From the perspective of application value, even if we cannot immediately develop a vaccine that provides lifelong immunity with a single dose, a broad-spectrum vaccine offering three to five years of protection would still be revolutionary. This would fundamentally transform the current passive model of influenza prevention and control: vaccine manufacturers would no longer need to rush through the entire process—from strain prediction to production—within a few months each year, but could instead adopt a stable, year-round production model; the burden on healthcare systems would be significantly alleviated; more importantly, such long-lasting protection would substantially reduce the global health risks posed by influenza pandemics. As Kramer stated,“If only a few flu vaccinations were needed in a lifetime, it would be a total game-changer.”

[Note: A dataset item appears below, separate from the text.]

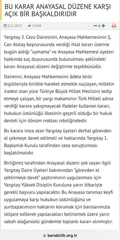 Die heutige Entscheidung des 3. Strafsenats des Kassationsgerichts (Yargıtay), die Verletzungsentscheidung des Verfassungsgerichts im Fall Ş. Can Atalay „nicht zu befolgen“ und Strafanzeige gegen die Mitglieder des Verfassungsgerichts zu erstatten, ist ein Versuch, die verfassungsmäßige Ordnung zu ändern.
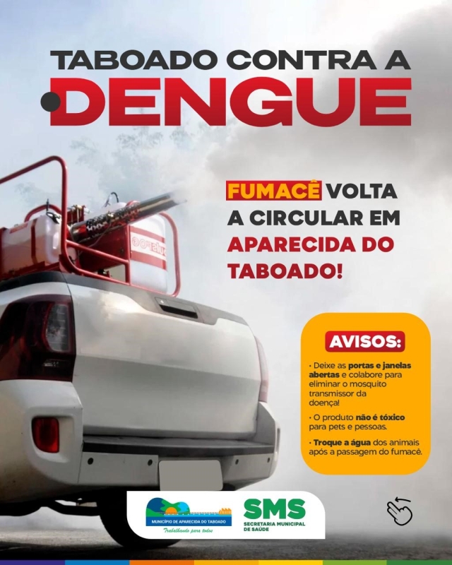 Importante: o produto utilizado no fumacê não é tóxico para pessoas ou animais domésticos, mas recomenda-se trocar a água dos animais após a passagem do fumacê. A colaboração de todos é essencial para combater o mosquito Aedes aegypti e prevenir surtos de dengue na cidade.

However, the development of universal vaccines still faces numerous challenges. Scientifically, viral evolution is highly elusive, and it remains uncertain whether the immune system can be fully “persuaded” by novel induction strategies. Furthermore, uncertainties in the policy and funding landscape cast a shadow over research and development efforts.
It is worth noting that,National Institutes of Health (NIH)In May this year, a project named “Generation Gold Standard” was announced, aiming to develop universal vaccines against influenza and coronaviruses. However, the whole-virus inactivation technology (based on beta-propiolactone, BPL) planned for use in the project has been questioned by some scientists as an “outdated technique with poor immunogenicity.” This stands in stark contrast to the rapidly advancing new technological approaches such as mRNA vaccines, raising concerns within the scientific community about future resource allocation.
Looking ahead, a universal influenza vaccine is no longer an unattainable scientific fantasy. From mice and ferrets in the laboratory to non-human primates, we have witnessed the dawn of successful proof-of-concept studies. Although there is still a long way to go before widespread clinical application, potentially requiring several years to validate its long-term protective efficacy in humans, the scientific community is making steady progress in the right direction. We may not be able to completely eradicate influenza, but by harnessing the combined power of immunology, genetic engineering, and artificial intelligence, we are poised to transform this deadly seasonal threat into a manageable, low-risk aspect of daily health management.